Input data ::
:::::
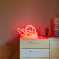 The red neon color creates a captivating eye-catcher and provides a beautiful and colorful glow that creates warmth and intimacy in the room. It is a unique way to add color to your home and is a fresh alternative to traditional white light.
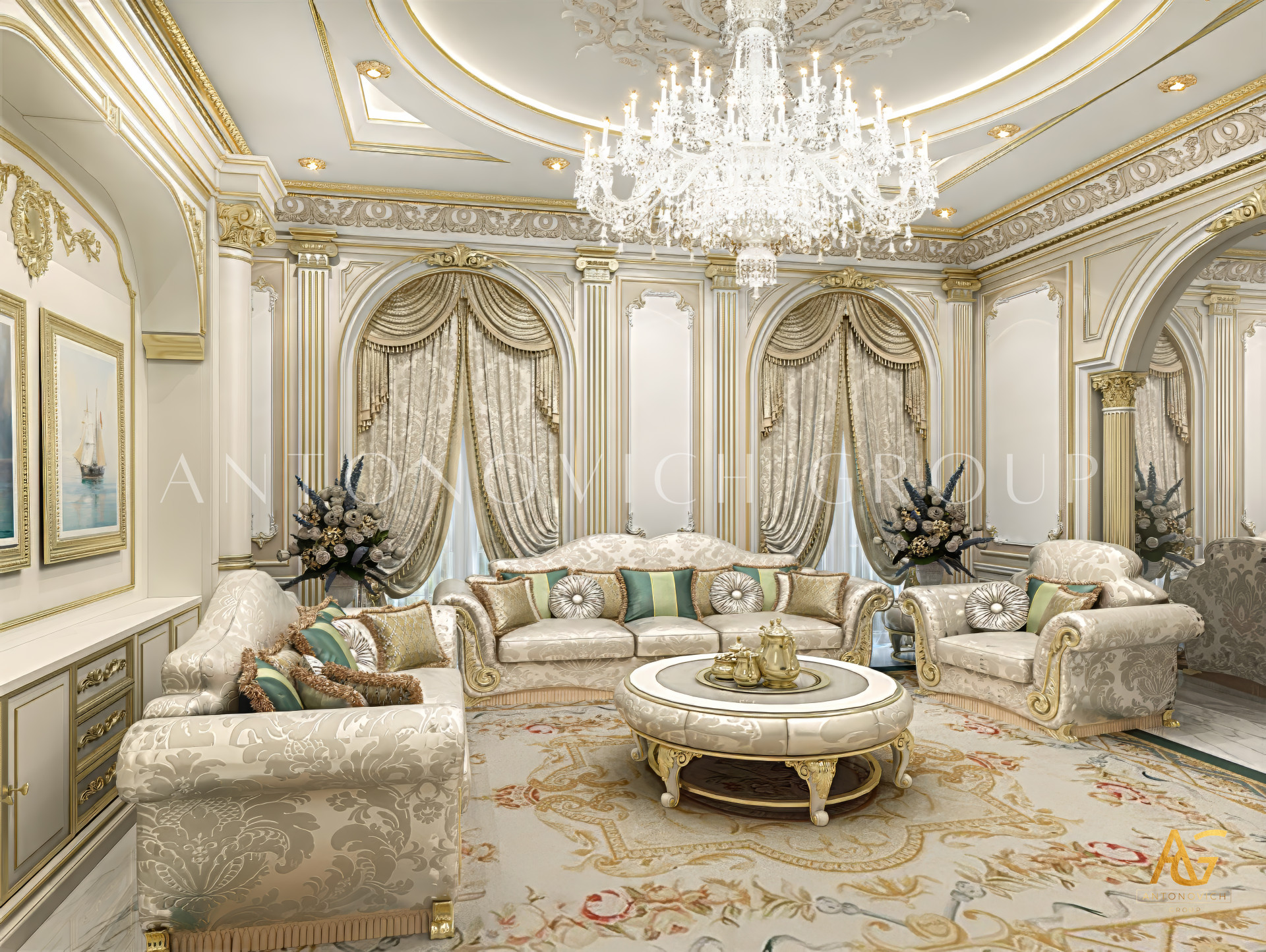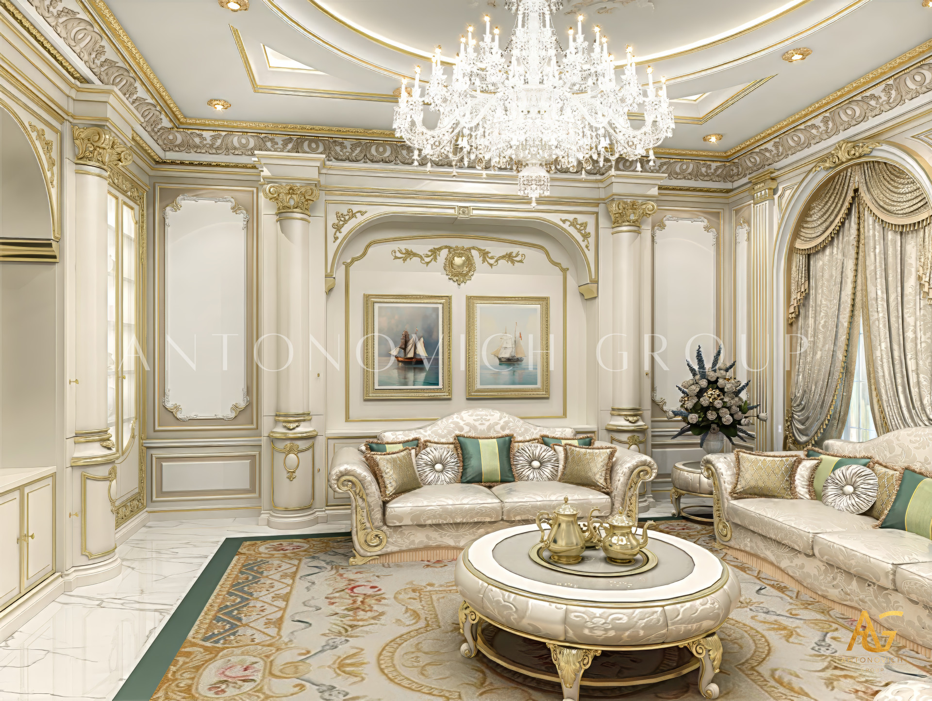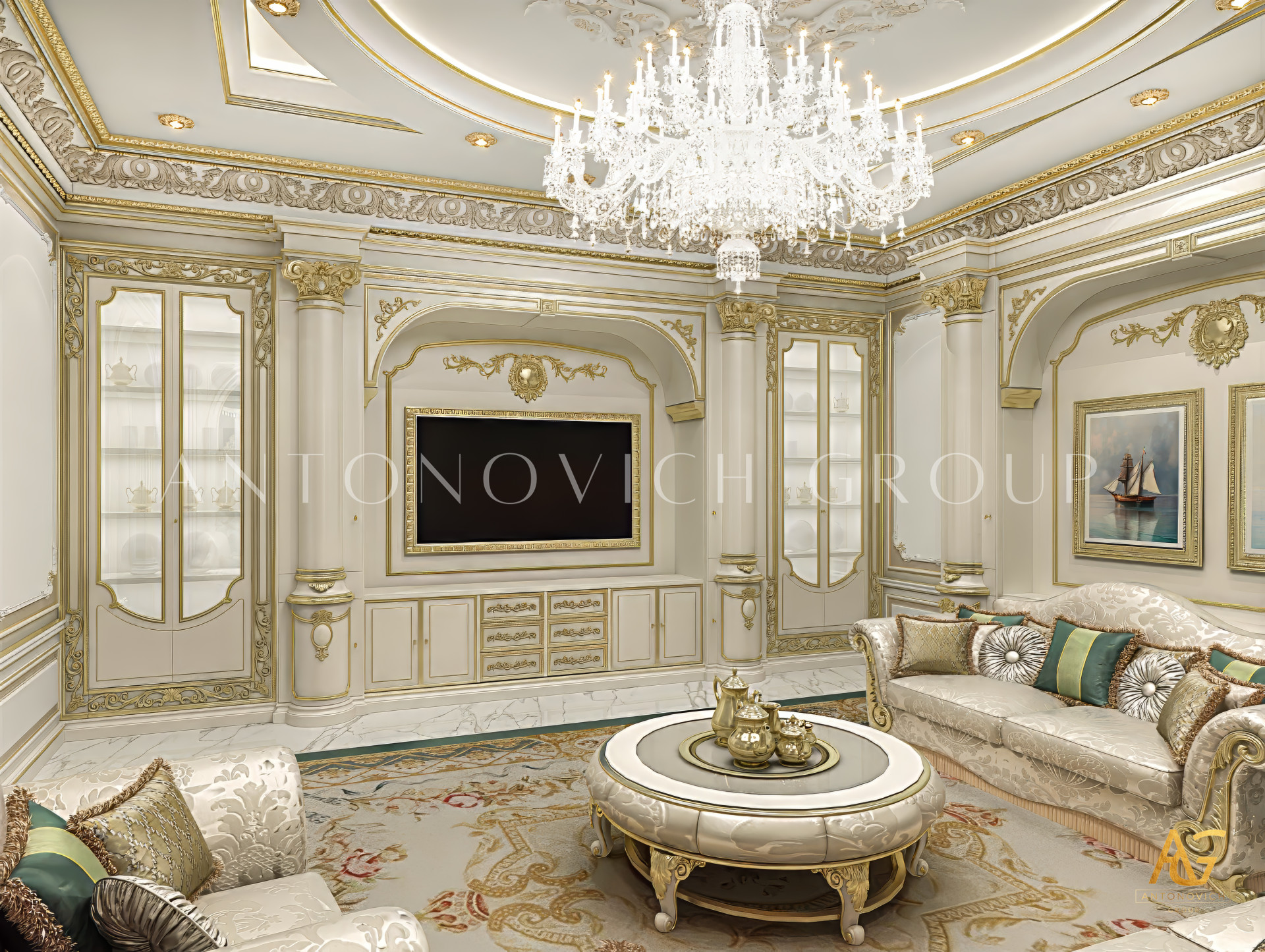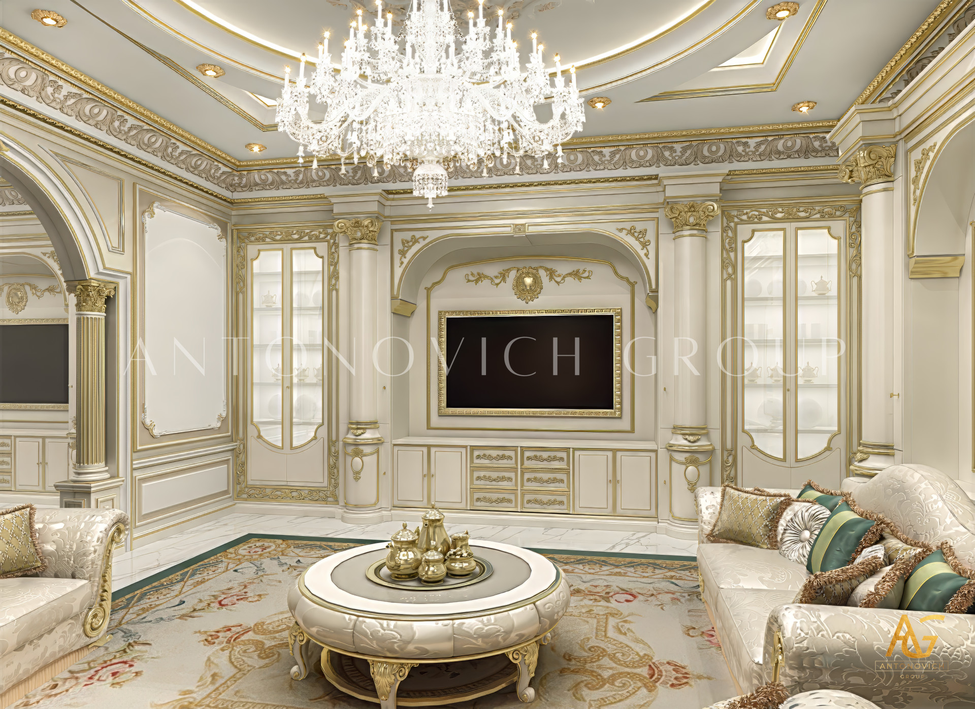 One of Antonovich Group most spectacular interiors is this sleek and exquisite interior design. Superior colors in the exquisite luxury living room interior design elevate this to the status of a costly masterpiece. The gold decorations on the ceiling, doors, chandeliers, and even the tables are spectacular. Its gleaming hues complement the luxurious living room interior designs lovely color scheme. A lovely accent and furnishings complete the upscale living room. The elegant billiard table is unique. It has an incredible stance. The furniture designs used in this intriguing and creative luxury living room interior design have all of the beauty that you require to feel comfortable and tranquil all of the time.
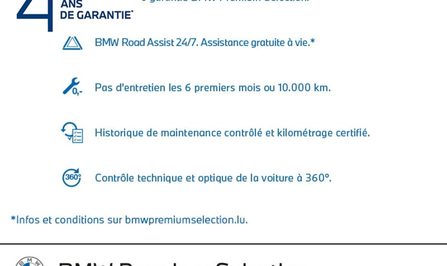 Soft Close Automatic, clé BMW Display, garnissage pavillon anthracite, encarts décoratifs en verre \\CraftedClarity\\ pour éléments intérieurs, Teleservices, sièges av M-Sport, encarts intérieurs en fibre de carbone mat, 2993 cc 3,0 L 250 KW, système de récupération, direction Integral-Active, protection des piétons active, 8/9 J X 20 ALU, Driving Assistant Professional, Active Guard, cadres de vitres Shadow Line brillant, pack chaleur confort av, mesures CO2 étendues, pack aérodynamique M, AWD, pneus Run Flat
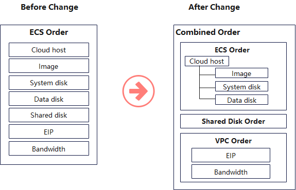 Before the combined service is introduced, only one order is generated, on which the ECS and all resources you added are listed.
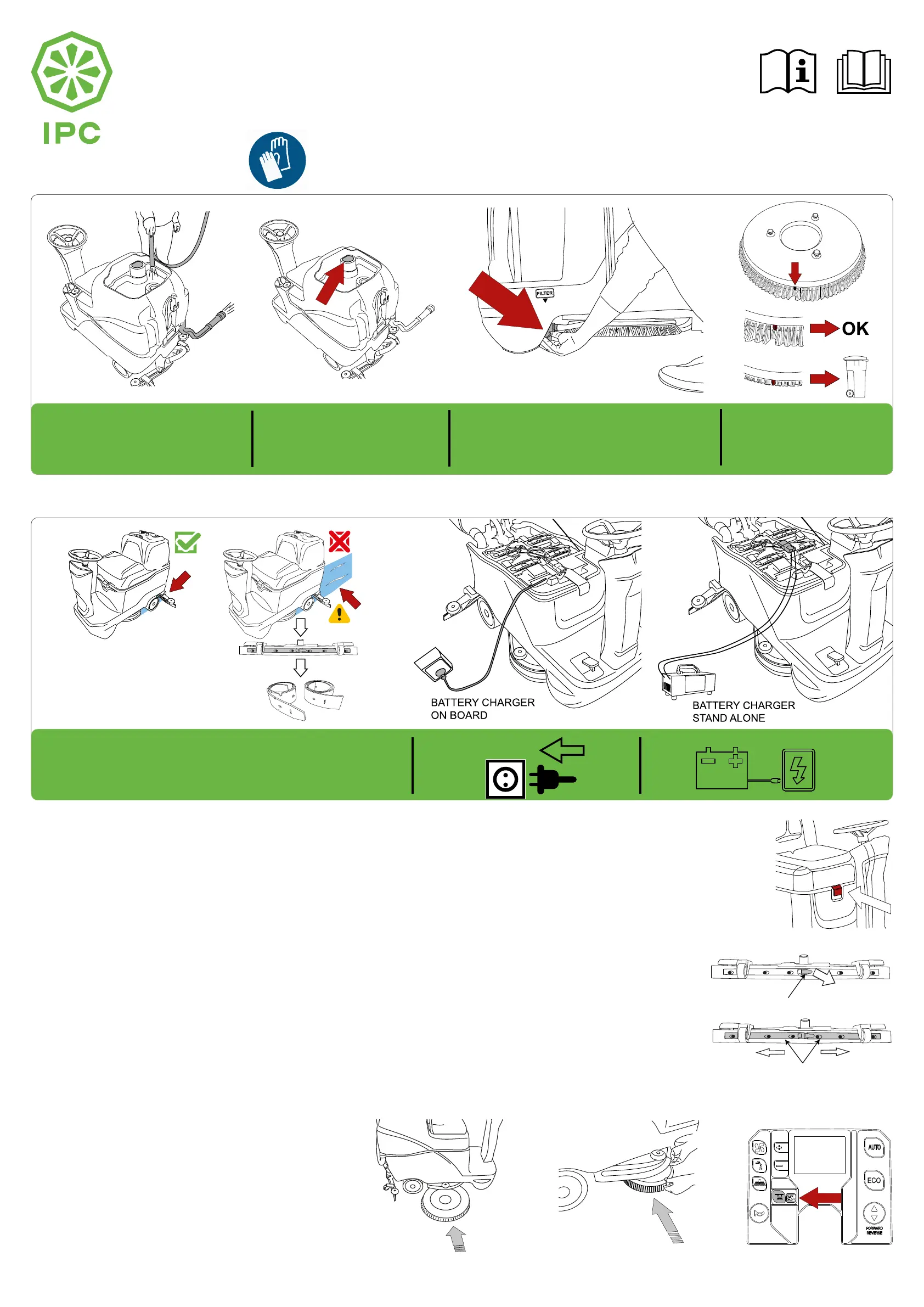 disconnect the batteries from the machine by pushing the lever as indicated in the picture.
:::::
Exercise :: With images excluded, write the records above out again exactly.

Solution for this task ::
 The red neon color creates a captivating eye-catcher and provides a beautiful and colorful glow that creates warmth and intimacy in the room. It is a unique way to add color to your home and is a fresh alternative to traditional white light.
 One of Antonovich Group most spectacular interiors is this sleek and exquisite interior design. Superior colors in the exquisite luxury living room interior design elevate this to the status of a costly masterpiece. The gold decorations on the ceiling, doors, chandeliers, and even the tables are spectacular. Its gleaming hues complement the luxurious living room interior designs lovely color scheme. A lovely accent and furnishings complete the upscale living room. The elegant billiard table is unique. It has an incredible stance. The furniture designs used in this intriguing and creative luxury living room interior design have all of the beauty that you require to feel comfortable and tranquil all of the time.
 Soft Close Automatic, clé BMW Display, garnissage pavillon anthracite, encarts décoratifs en verre \\CraftedClarity\\ pour éléments intérieurs, Teleservices, sièges av M-Sport, encarts intérieurs en fibre de carbone mat, 2993 cc 3,0 L 250 KW, système de récupération, direction Integral-Active, protection des piétons active, 8/9 J X 20 ALU, Driving Assistant Professional, Active Guard, cadres de vitres Shadow Line brillant, pack chaleur confort av, mesures CO2 étendues, pack aérodynamique M, AWD, pneus Run Flat
 Before the combined service is introduced, only one order is generated, on which the ECS and all resources you added are listed.
 disconnect the batteries from the machine by pushing the lever as indicated in the picture.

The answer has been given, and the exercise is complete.